La série a bien pris un tournant pour le pire, mais les raisons de ce ralentissement vont bien plus loin que les suspects habituels qui ont été identifiés (nouveaux écrivains et écrivains inférieurs, saison raccourcie, trop de trous dans l'intrigue). Ce n'est pas que ceux-ci sont incorrects, mais ils ne sont que des changements superficiels. En fait, l'acidification de Jeu des trônes expose une lacune fondamentale de notre culture de la narration en général: nous ne savons pas vraiment comment raconter sociologique histoires.

À son meilleur EU était une bête aussi rare qu'un dragon ami dans King's Landing: c'était une narration sociologique et institutionnelle dans un médium dominé par le psychologique et l'individu. Cette ère de narration structurelle de la série a duré au fil des saisons, inspirée des romans de George R. R. Martin, qui semblait se spécialiser dans le fait que les personnages évoluaient en fonction du cadre institutionnel plus large, des mesures incitatives et des normes qui les entourent.

Après que la série ait précédé les romans, elle a été reprise par les puissants animateurs d’Hollywood David Benioff et D. B. Weiss. Certains fans et critiques ont supposé que le duo avait modifié le récit pour l'adapter aux tropes hollywoodiens ou pour accélérer les choses, mais c'est peu probable. En fait, ils ont probablement adhéré aux points de récit qui leur ont été donnés, ne serait-ce que sous forme de schéma, par l'auteur original. Ce qu’ils ont fait est quelque chose de différent, mais à bien des égards plus fondamental: Benioff et Weiss dirigent le récit voie loin de la sociologie et déplacé vers le psychologique. C'est la manière principale, et souvent la seule, dont Hollywood et la plupart des écrivains de télévision racontent des histoires.

C'est un changement important à disséquer, car le fait de raconter nos histoires principalement d'un point de vue sociologique ou psychologique a de grandes conséquences sur la façon dont nous gérons notre monde et les problèmes que nous rencontrons.

Je rencontre souvent cette lacune dans mon domaine d'écriture – technologie et société. Notre incapacité à comprendre et à raconter des histoires sociologiques est l’une des principales raisons pour lesquelles nous luttons pour répondre à la transition technologique historique que nous connaissons actuellement avec la technologie numérique et l’intelligence artificielle.—Mais plus sur tout cela plus tard. Voyons d'abord ce qui est arrivé à Jeu des trônes.

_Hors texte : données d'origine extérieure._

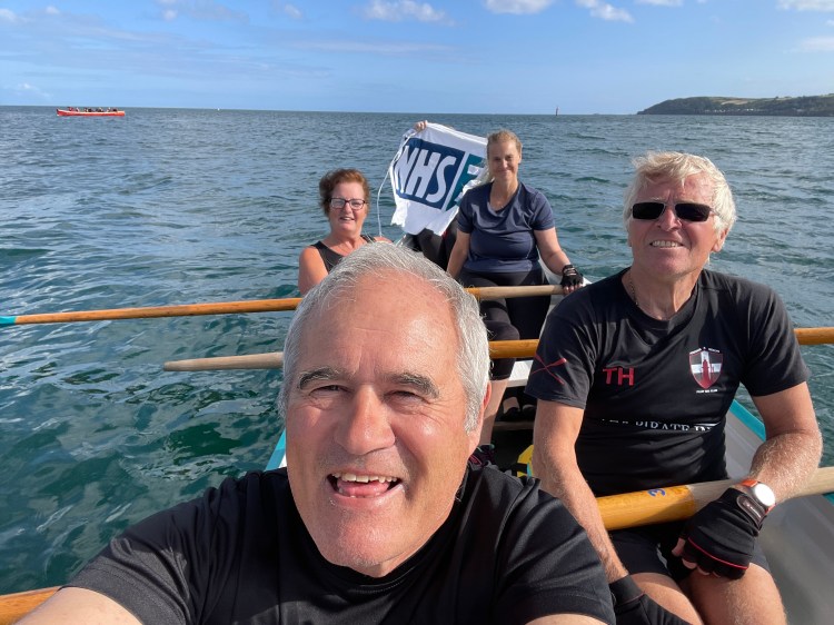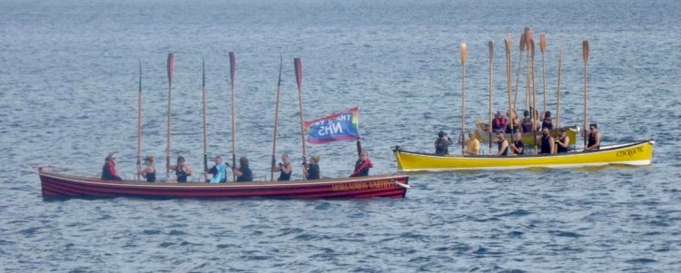 Penzance and Newlyn Pilot Gig Club (PNPGC) led a row along the Penzance sea front to Sandy Cove. We had two boats π£ββοΈ out the six oared Morladron and four oared flighty Four-Titude fully crewed seen above where I was in stroke. Morladron crew below with oars up and flying the thank you to the NHS flag. We were also joined in this row with our friends in Porthleven gig club who brought two boats energetic and π£ββοΈ to support our initiative.
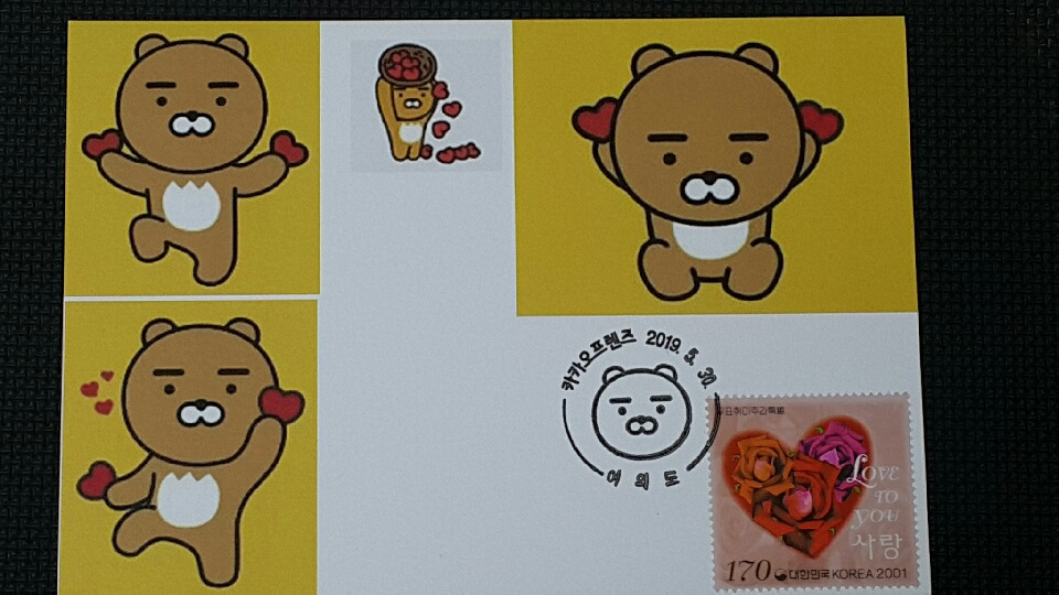 지난 2019년 7월에 카카오프렌즈 우표가 나왔었다. 물론 그전에 뽀로로, 라바 등등 캐릭터우표들이 나온 적도 있긴 했는데, 카카오프렌즈의 그 위상을 고려하면 기대 많이 됬었고 ㅎ
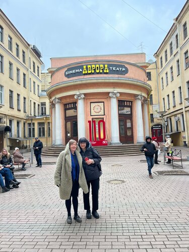 В конце декабря 1913 года открылся один из первых роскошных кинотеатров в столице —«Пикадилли». «Большой театр световых картин»— так он именовался в афишах. Представляете, как это было? Дамы и господа прогуливались по фойе, сидели за столиками… Играл маленький оркестр… Начинался сеанс, крутились ленты немого кино, играл тапёр (а часто и оркестр!) В тридцатые годы «Пикадилли» переименовали в «Аврору» по известным причинам. Название осталось до сих пор и ассоциируется сейчас вовсе не с крейсером, а, скорее, с богиней утренней зари. Как известно из греческой мифологии, от Авроры и Астрея произошли все звёзды, как тут не вспомнить о звёздах кино, портреты которых украшают фойе и галерею второго этажа, так что, поднимаясь на балкон, вы обязательно их увидите. «Аврора» работала всегда, даже в Блокаду. (Только в январе 1942 остановилась до марта— не хватало электричества.) Когда объявляли воздушную тревогу, зрители переходили в бомбоубежище, затем возвращались в зал, и киносеанс продолжался. В конце девяностых кинотеатр закрыли на ремонт и переоснащение. Реставраторы вернули прежние интерьеры и подчеркнули исторический статус здания— на стене не до конца расчищенная фреска и фрагмент оконного сандрика, на полу вестибюля такая же «расчищенная» старинная плитка. Золотая мозаика на стенах, причудливая решётка «камина» на лестничной площадке— разглядывая все эти детали, вы точно не соскучитесь до третьего звонка! В фойе царит умопомрачительный аромат хорошего кофе, шоколада, ванили и… поп-корна! Здесь царствует кондитерская от «Бистро Гарсон». Как хорошо, гуляя по Невскому, зайти сюда отдохнуть, посидеть за столиком с друзьями, а если в красивых кассах ещё есть билеты, то и фильм посмотреть.
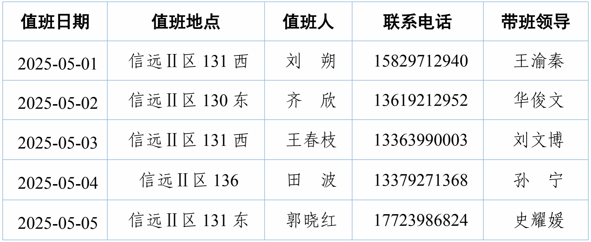 按照学校《关于2025年劳动节放假时间安排的通知》要求,现将学院2025年劳动节假期值班安排如下:
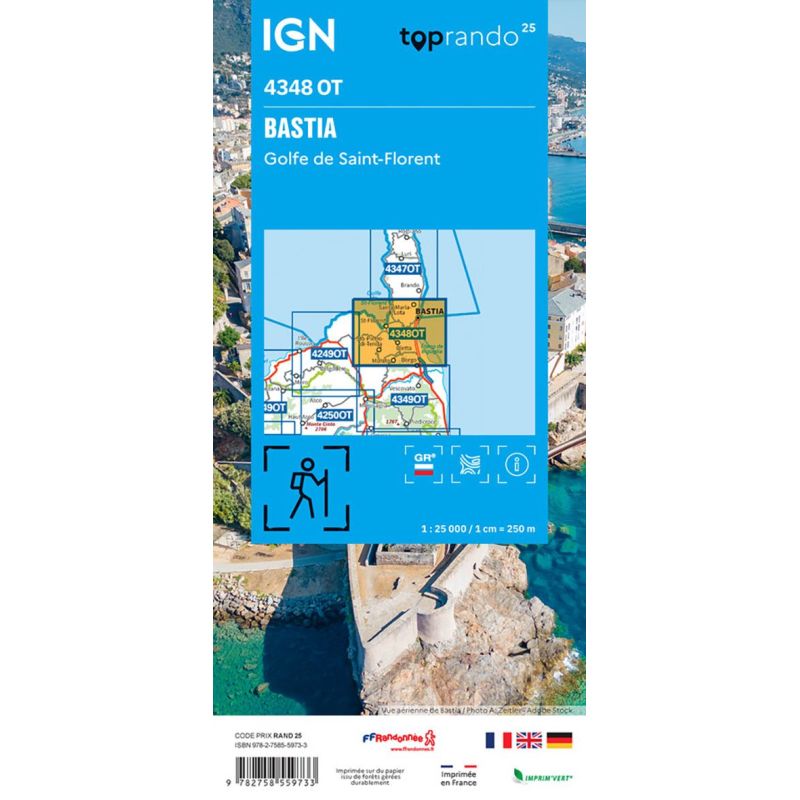 L'indispensable carte de randonnée IGN 4348OT. D'une très grande précision elle contient tous les détails existants sur le terrain : voies de communication jusqu'au moindre sentier, constructions jusqu'au hangar, bois, arbre isolé, rivière, source... Sans oublier la représentation du relief par des courbes de niveau. Les sentiers balisés et les informations touristiques sont également... Lire la suite
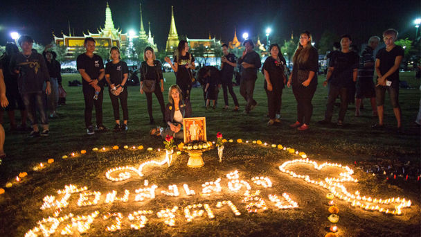 當(dāng)?shù)貢r(shí)間20日,泰國(guó)民眾在曼谷大皇宮外點(diǎn)起蠟燭,持續(xù)悼念已逝的泰國(guó)國(guó)王普密蓬。
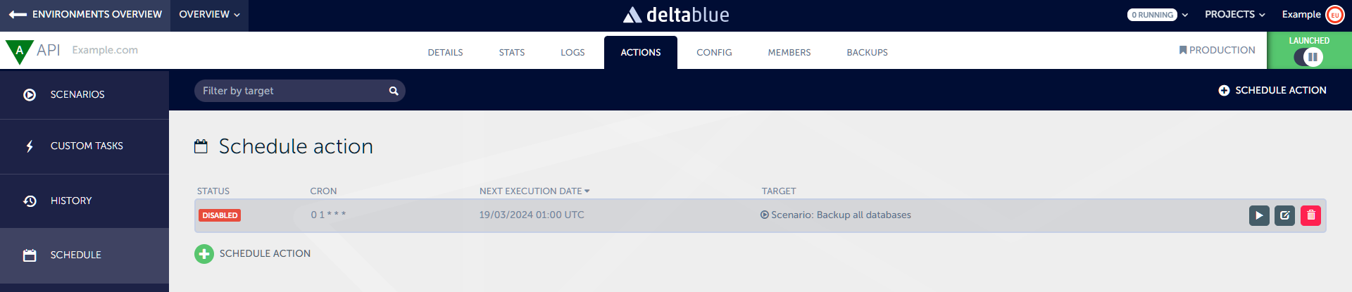 Within the Schedule section, you'll find an overview of any already scheduled actions, providing you with visibility into your existing scheduling setup.

Quelle histoire c'était et en quoi il est devenu EU

Il est facile de rater ce changement de voie narratif fondamental et de blâmer le ralentissement de la série en reprenant les vieilles écritures de Benioff et Weiss – en partie parce qu’elles sont vraiment mauvaises. Ils ne se sont pas contentés d'inverser la dynamique explicative de l'histoire, ils ont également fait un travail terrible dans la nouvelle voie.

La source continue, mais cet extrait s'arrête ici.